He, too, was feeling the heat rise inside himself and his tumescent manhood. He moved lower, settled himself between her thighs, and, opening her folds, bent down for his first sample. She was still wet from the water, and he reveled in the cold and the wet and the warmth and the salt and the familiar taste of Ayla, his Ayla. He wanted all of her, all at once, and reached up for her nipples as he found her hard, pulsing nodule.
She moaned and cried out, arching up to him as he suckled and manipulated her with his tongue. She was not thinking, just feeling. Then, before she knew it, she was there, feeling the surge grow and expand until suddenly it washed over her, as he felt the wetness. Then she was reaching for him, making little cries of need, wanting to feel him inside her. He rose up, found her opening, and pushed himself in, then pulled his manhood out and pushed in again.
She was meeting him, pushing closer and pulling back, arching and turning her body to feel him just where she needed him. His urge was there, but not quite as demanding as it sometimes was. Rather than having to control, he just let it build, rocking with her, moving with her, feeling the tension grow, plunging deeply with joy and abandon. She was calling out, and her wordless sounds gained in pitch and intensity. Then it reached the peak, and with words and sounds increasing they felt a great release swell up and gush forth.

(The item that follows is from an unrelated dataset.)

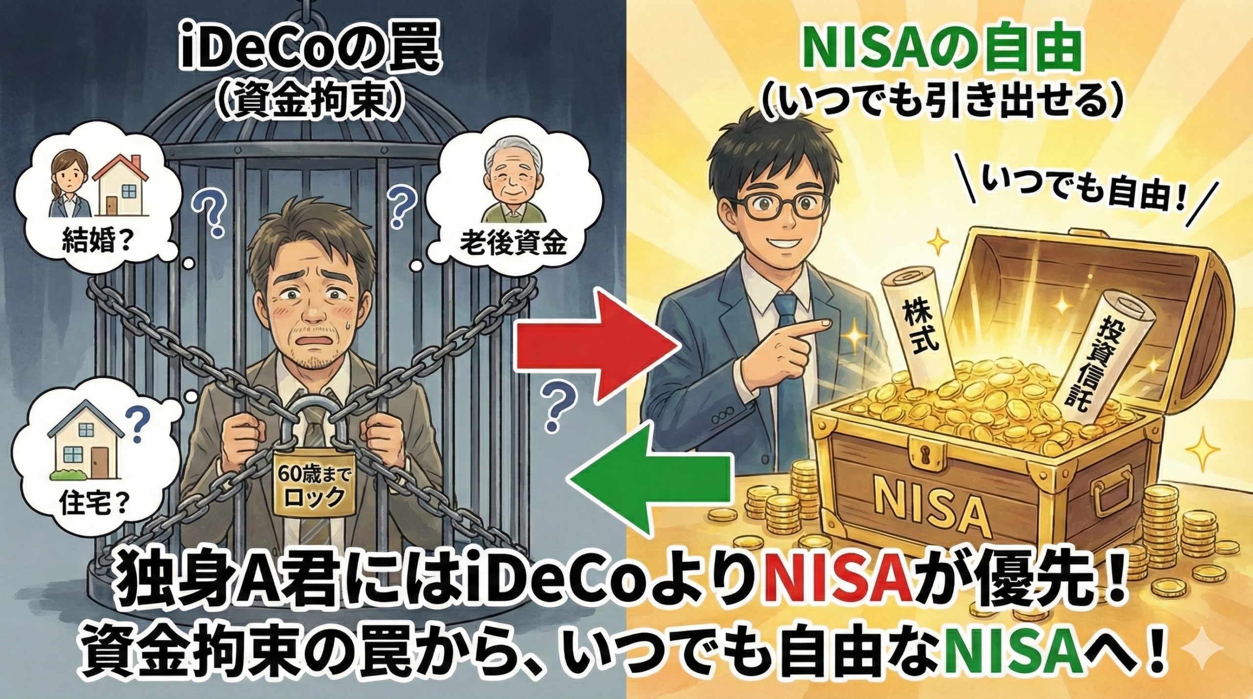 今日は、証券会社のサイトには小さくしか書かれていない、iDeCoの不都合な真実について話すね。これを読めば、なぜ私が「まずはNISA一択だ」と言うのか分かると思うよ。

They held for a moment, then pushed in and pulled out a few more times, and lay still, panting to catch their breath.
As she lay there with her eyes closed, Ayla heard the wind soughing through the trees and a bird calling to its mate, felt the cool breeze and the delicious feeling of his weight on her, smelled horse from the blanket, and the scent of their Pleasures, and remembered the taste of his skin and his kisses. When he finally pulled himself up and looked at her, she was smiling, a dreamy, half-dozing, warm smile of contentment.

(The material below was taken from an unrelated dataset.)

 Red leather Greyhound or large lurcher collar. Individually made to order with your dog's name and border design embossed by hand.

When they finally got up, Ayla went back into the pond to clean herself as Iza had taught her long ago. Jondalar did, too. It seemed to him that if she did, he ought to, though it hadn't been his habit until he met her. He really didn't like cold water. As he was rinsing off, however, he thought if there were many more days like today, he could learn to like it.
On the way back to the South Holding of the Twenty-ninth Cave, Ayla found she was not looking forward to seeing the neighbors, which seemed somewhat inimical. Though she felt accepted by Jondalar's kin and the members of the Ninth Cave, she realized she wasn't especially eager to see them, either. As much as she had wanted their Journey to come to an end, and to have the company of other people around her, she had grown used to the patterns she and Jondalar had established while they were traveling, and she missed them. When they were with the Cave, there was always someone who wanted to talk to either Jondalar or her, or both. They were both glad for the close warmth of the people, but sometimes young lovers wanted to be alone.

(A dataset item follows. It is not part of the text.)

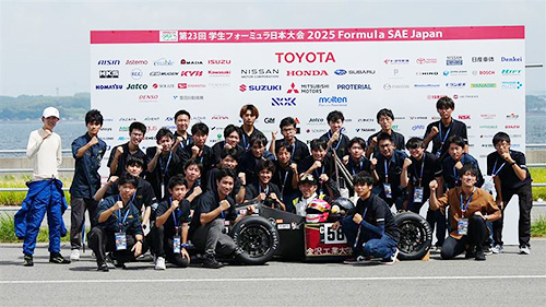 今年度からは、静的審査が現地開催に戻り、ICVクラスとEVクラスが分かれた最初の大会となりました。学生フォーミュラ日本大会は、学生が主体となって小型フォーミュラスタイルの車両を用いたビジネスを想定し、車両の企画・設計・製作を行い、その成果を実走行によって検証する工学系教育プログラムです。大会の審査は「静的審査」と「動的審査」に大別され、静的審査では、車両の設計内容やコスト、販売戦略などを総合的に評価し、動的審査では、加速性能、旋回性能、耐久性といった車両の走行性能が評価されます。

In their sleeping rolls in the family tent that night, with everyone much closer together, Ayla was reminded of the sleeping arrangements within the Mamutoi earthlodge and found herself thinking about them. When she first saw it, she had been amazed at the semi-subterranean longhouse the Lion Camp had constructed. They used mammoth bones to support the thick walls of sod and thatch, covered by clay, which kept out the intense wind and winter cold of the midcontinental periglacial regions. She remembered thinking that it was as if they had built their own cave. In a sense they had, since there were no habitable caves in their region, and she was right to be amazed; it was a remarkable feat.
Though the families that lived in the longhouse of the Lion Camp had had separate living areas around hearths aligned in a row down the center, and drapes to close off their sleeping platforms, everyone shared the same shelter. They lived less than an arm's length away from the next family and had to pass through each other's living spaces to come and go. In order to live in such a confined space, they practiced a tacit courtesy that allowed privacy, and was learned as they grew up. Ayla hadn't thought the earthlodge was small when she lived there, only since she had begun sleeping in the Ninth Cave's huge shelter. She recalled that each family of the Clan had had separate hearths, too, but there were no walls, only a few stones to indicate boundaries. The people of the Clan also learned early to avoid looking into another family's living space. To them, privacy was a matter of convention and consideration.